Armenian Lieutenant-General

Artak Matevosi Davtyan (Armenian: Արտակ Մաթևոսի Դավթյան; born March 31, 1970) is an Armenian Lieutenant General who served as the Chief of the General Staff of the Armenian Armed Forces from May 2018 to June 2020 and again from March 2021 to February 2022.

==Early life and military service==
Artak Davtyan was born in 1970 in the village of Bambakashat, in the Hoktemberyan region (now located in Armavir province) of the Armenian Soviet Socialist Republic. He took part in the First Nagorno-Karabakh War from 1988 to 1992, quickly rising through the ranks of the newly formed Armenian Army. Starting in 1992, Davtyan began to serve as either the commander or deputy commander of various military units. During that same time, he was also enrolled in military academies in Russia.

In 2006, Davtyan began to work at the departments of the General Staff of the Armenian Armed Forces.
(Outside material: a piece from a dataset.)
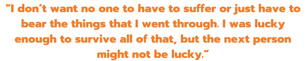 Blackmon says, “Going through all of that, I don’t want no one to have to suffer or just have to bear the things that I went through. I was lucky enough to survive all of that, but the next person might not be lucky.”

On January 31, 2009, he was appointed head of the operative department and was relieved of his duties as Deputy Chief of the General Staff, a position he served in since 2007. On 29 September 2017, Davtyan was appointed commander of the 5th Army Corps of the Armenian Defense Ministry based in the Nubarashen District.

He served in the position of 5th Army Corps commander until he was recommended to the post of Chief of Staff by recently elected Prime Minister Nikol Pashinyan, who dismissed Lieutenant General Movses Hakobyan from the post on May 24, 2018. He officially took office later that day by presidential decree. He was dismissed from his post as Chief of the General Staff after hosting a wedding party for his son in violation of COVID-19 restrictions. Davtyan was then appointed Chairman of the Military Industry Committee of Armenia on 17 July 2020. On 16 November 2020, he was dismissed from that post following Armenia's defeat in the Second Nagorno-Karabakh War.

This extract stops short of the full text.